Required permissions for setup
- The user setting up this data source must be the Global Admin.
Register a new app
- Sign into the Azure portal. Select Azure Active Directory, then App registrations > New registration.
- On the Register an application page, register an app with the following: | Field | Value | |---|---| | Name | Glean | | Supported account types | Accounts in this organizational directory only (Single tenant) | | Redirect URI | (Leave this field blank) |
- Click Register.
Configure permissions
- On the left side navigation on the overview page, click on Manage > API Permissions.
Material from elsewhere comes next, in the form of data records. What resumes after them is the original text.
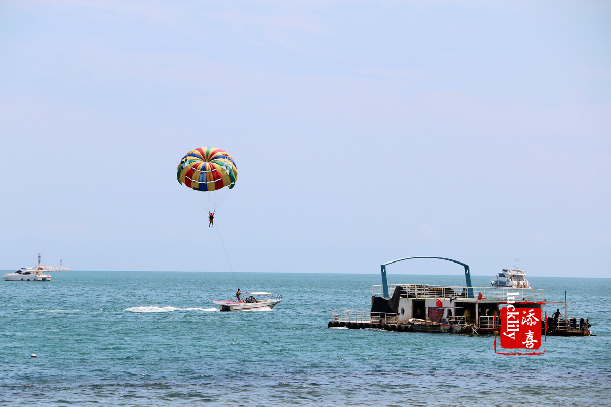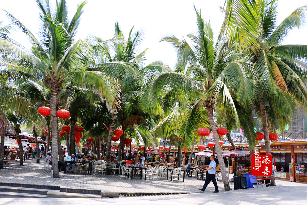 整个大东海旅游区就是一个大的海湾,是免费对外开放的,沿着这个海湾,有很多的滨海商业,比如特产小吃广场、海上游乐项目等。
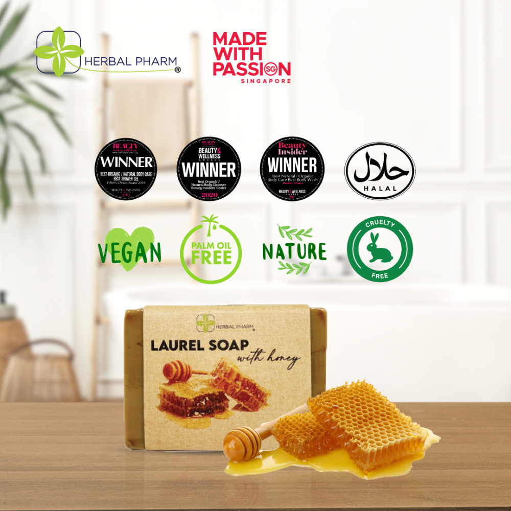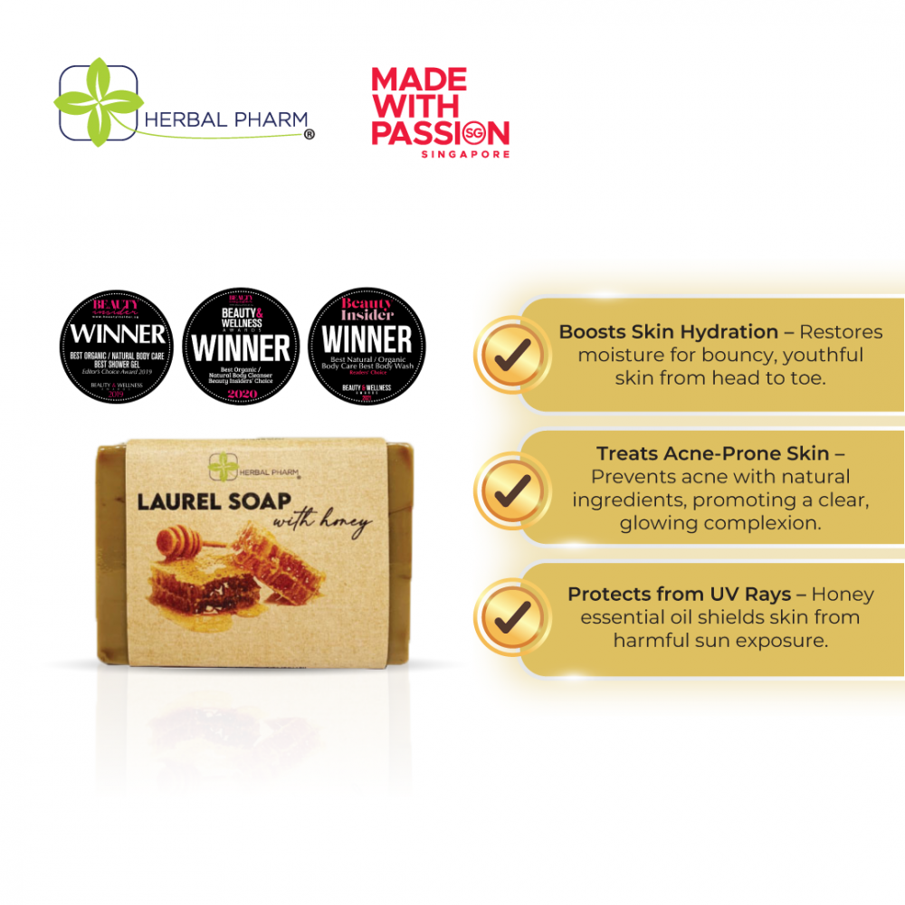 Herbal Pharm Laurel Soap with Honey – 125g | Natural Cleanse, Deep Hydration & Sun Protection
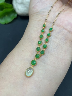 F18023800 Jadeite Cabochon Necklace with 18K Gold Setting, Total Weight Approx. 2.84g
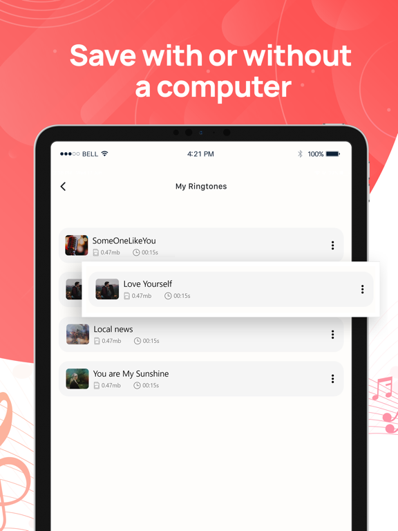 Ringtone Maker is the easiest app to create custom ringtones! Just choose your beloved iPod song, swipe the audio wave to select the perfect clip, and then your ringtone is ready! Incredibly easy and fast!
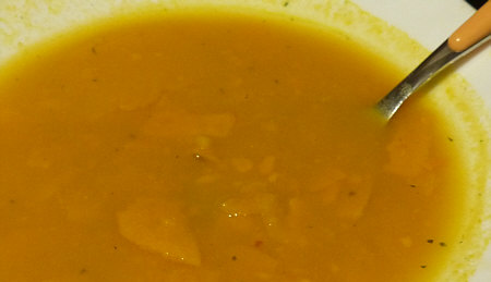 Man nehme zwei Süßkartoffeln, schneide sie in dünne Scheiben, koche sie in Brühe und würze mit Ingwer, Kurkuma, Pfeffer, Harissa und einem Spritzer Balsamico ... wenn die Kartoffeln gar sind, dann ein Teil der Suppe pürieren ... das wars auch schon ... schmeckt ganz fantastisch. Die Suppe darf nur nicht scharf sein, auch nicht direkt süß ... sondern leichte Süße mit leichter Schärfe.

- Click Add a permission and select Microsoft Graph. Choose Application permissions and add the following:
- User.Read.All
- GroupMember.Read.All
- Sites.Selected
- Reports.Read.All
- Members.Read.Hidden
- Click Add a permission and select Sharepoint. Choose Application permissions and add the following:
- Sites.Selected
Grant admin consent
- Ensure you are signed into Azure as a Global, Application or Cloud Application Administrator.
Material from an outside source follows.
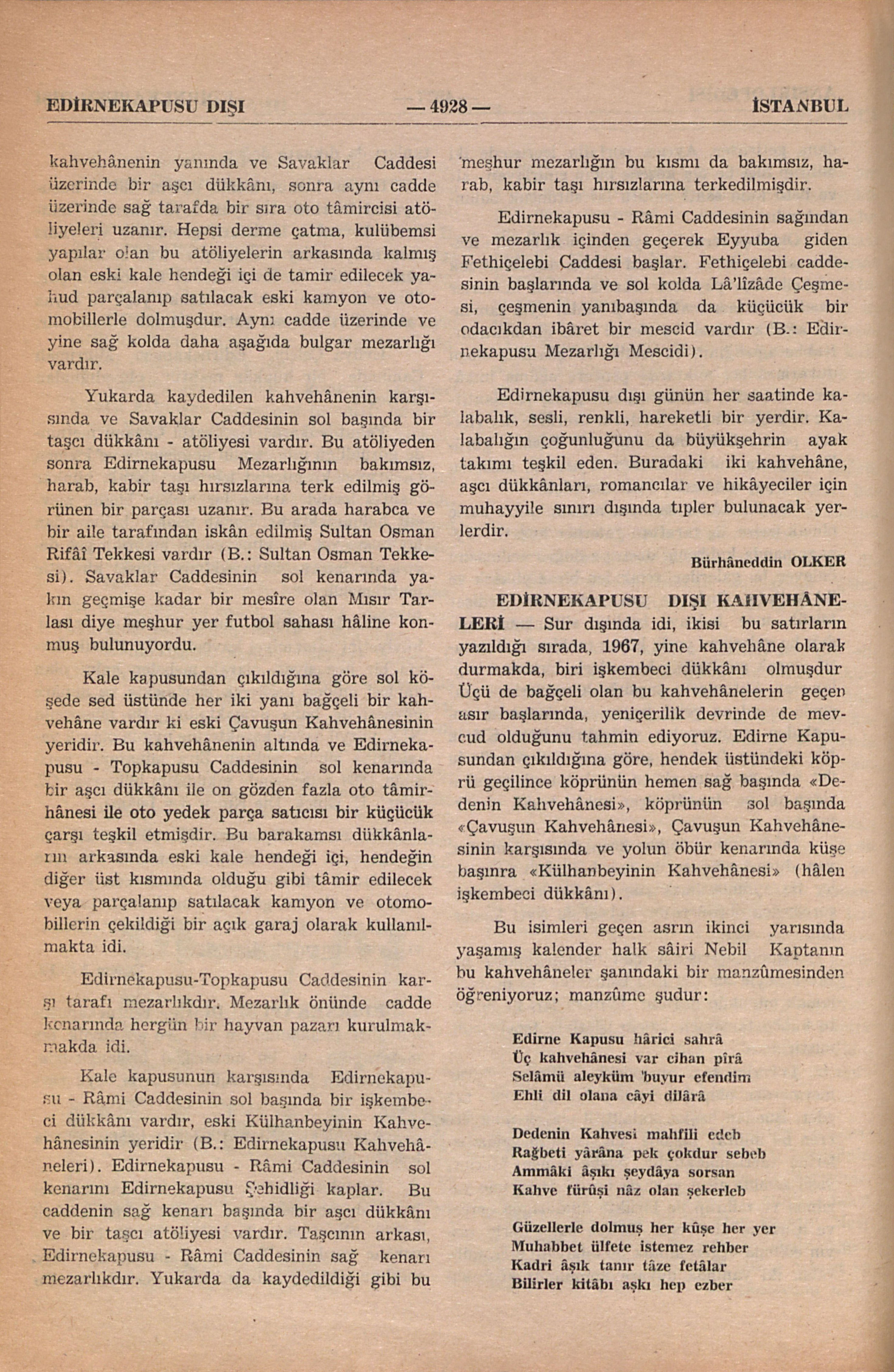 Edirnekapusunun dışı İstanbulun en eski ve en büyük bir mezarlığıdır, ve bu mezarlığın başlangıcında, kale kapusu önünde küçük bir çarşı boyu vardır. Aşağıdaki notlar 1967 yılı kasım ayında tesbit edilmişdir: Kapudan çıkınca hemen sağ tarafda iki harakada bir manav ve bir büfe, tekel bâyii vardır. Onnu yanında bağçeli büyük bir kahvehâne vardır ki Dedenin Kahvehânesi diye meşhur eski bir kahvehânenin yerindedir. Bu kahvehânenin yanında ve Savaklar Caddesi üzerinde bir aşcı dükkânı, sonra aynı cadde üzerinde sağ tarafda bir sıra oto tâmircisi atöliyeleri uzanır. Hepsi derme çatma kulübemsi yapılar olan bu atöliyelerin arkasında kalmış olan eski kale hendeği içi de tamir edilecek yahud parçalanıp satılacak eski kamyon ve otomobillerle dolmuşdur. Aynı cadde üzerinde ve yine sağ kolda daha aşağıda bulgar mezarlığı vardır. Yukarda kaydedilen kahvehânenin karşısında ve Savaklar Caddesinin sol başında bir taşcı dükkânı - atöliyesi vardır. Bu atöliyeden sonra Edirnekapusu Mezarlığının bakımsız, harab, kabir taşı hırsızlarına terk edilmiş görünen bir parçası uzanır. Bu arada harabca ve bir aile tarafından iskân edilmiş Sultan Osman Rifâî Tekkesi vardır (B.: Sultan Osman Tekkesi). Savaklar Caddesinin sol kenarında yakın geçmişe kadar bir mesîre olan Mısır Tarlası diye meşhur yer futbol sah...

- Use the search box to navigate to Enterprise applications. Select the Glean app you just created from the list of applications.
- Click on Permissions under Security. Review the permissions shown, and then click Grant admin consent. By this step, you should have the following permissions provisioned on the API Permissions page
Fill out keys
- Scroll to the top of the left sidebar and click Overview.
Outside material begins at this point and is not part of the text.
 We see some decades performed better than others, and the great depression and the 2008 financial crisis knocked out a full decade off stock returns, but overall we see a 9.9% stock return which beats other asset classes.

- Copy the following content from the center Essentials panel and enter it in Glean:
- Application (client) ID
- Directory (tenant) ID
- Enter your Sharepoint domain in Glean. Your Sharepoint domain should end with “sharepoint.com”
- Glean recommends 5 additional applications with the same permission settings as the initial app created to maximize crawl speeds. Repeat the setup steps from “Register a new app” until this step, saving the client ID and client secret in the process. Paste the client ID and client secret into the Glean web app.
- Ensure you go through the next steps to set up Sharepoint REST API permissions, or clicking Save will not succeed.
Grant REST API permissions to individual apps
Please complete these steps for each application created. This will require using PnP PowerShell. If you have already installed PnP PowerShell, you can skip the installation step.
Install PnP PowerShell
- You will need to use Windows PowerShell 7 to use PnP PowerShell. PowerShell 7 is a side-by-side version with PowerShell 5.1 (reference). If you have not installed PowerShell 7, in your normal PowerShell, follow the installation instructions here.
- Run the following commands in PowerShell 7 to install PnP PowerShell.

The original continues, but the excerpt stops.